# PROBLEM DESCRIPTION
Go to the line containing "Piwonie, Filiżanka, Imbryk - Zdjęcia" in the records below and print it and every following line exactly, on through the line containing "電気通信大学の早川名誉教授が", then stop.

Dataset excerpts
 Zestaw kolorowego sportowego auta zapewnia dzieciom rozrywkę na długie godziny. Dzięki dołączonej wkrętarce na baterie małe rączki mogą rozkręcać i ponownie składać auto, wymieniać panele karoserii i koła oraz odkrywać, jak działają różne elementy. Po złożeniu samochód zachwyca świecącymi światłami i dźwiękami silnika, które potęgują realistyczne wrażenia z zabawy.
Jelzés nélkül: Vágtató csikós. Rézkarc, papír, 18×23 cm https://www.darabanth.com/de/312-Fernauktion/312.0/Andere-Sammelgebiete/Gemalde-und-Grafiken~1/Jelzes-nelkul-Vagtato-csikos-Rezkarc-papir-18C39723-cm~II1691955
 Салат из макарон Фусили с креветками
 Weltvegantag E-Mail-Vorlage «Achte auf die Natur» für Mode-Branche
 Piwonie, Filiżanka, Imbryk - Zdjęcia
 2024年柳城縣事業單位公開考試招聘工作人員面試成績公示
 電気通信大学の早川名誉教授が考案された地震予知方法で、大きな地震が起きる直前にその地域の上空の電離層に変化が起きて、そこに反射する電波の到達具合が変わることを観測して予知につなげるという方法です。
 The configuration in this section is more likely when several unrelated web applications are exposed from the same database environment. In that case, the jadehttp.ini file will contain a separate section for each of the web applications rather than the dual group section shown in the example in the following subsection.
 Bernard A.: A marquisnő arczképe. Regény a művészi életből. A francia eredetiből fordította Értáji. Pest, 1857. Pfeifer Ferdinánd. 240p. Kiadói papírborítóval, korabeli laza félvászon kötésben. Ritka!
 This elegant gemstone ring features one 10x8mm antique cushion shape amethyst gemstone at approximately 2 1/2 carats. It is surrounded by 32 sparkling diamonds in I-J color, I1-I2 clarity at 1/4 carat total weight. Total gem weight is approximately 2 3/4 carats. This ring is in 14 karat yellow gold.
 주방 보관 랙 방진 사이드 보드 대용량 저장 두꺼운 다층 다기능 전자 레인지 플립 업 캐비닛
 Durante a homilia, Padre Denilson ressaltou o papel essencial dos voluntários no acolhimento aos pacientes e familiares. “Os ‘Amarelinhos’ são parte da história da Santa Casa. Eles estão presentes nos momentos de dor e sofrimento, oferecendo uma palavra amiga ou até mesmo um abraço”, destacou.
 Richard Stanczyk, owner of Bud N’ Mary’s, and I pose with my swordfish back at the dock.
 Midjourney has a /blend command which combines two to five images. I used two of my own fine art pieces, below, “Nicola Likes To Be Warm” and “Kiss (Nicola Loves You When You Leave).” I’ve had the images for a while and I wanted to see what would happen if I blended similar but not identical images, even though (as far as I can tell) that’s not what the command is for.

# RESULT FOR THIS TASK
 Piwonie, Filiżanka, Imbryk - Zdjęcia
 2024年柳城縣事業單位公開考試招聘工作人員面試成績公示
 電気通信大学の早川名誉教授が考案された地震予知方法で、大きな地震が起きる直前にその地域の上空の電離層に変化が起きて、そこに反射する電波の到達具合が変わることを観測して予知につなげるという方法です。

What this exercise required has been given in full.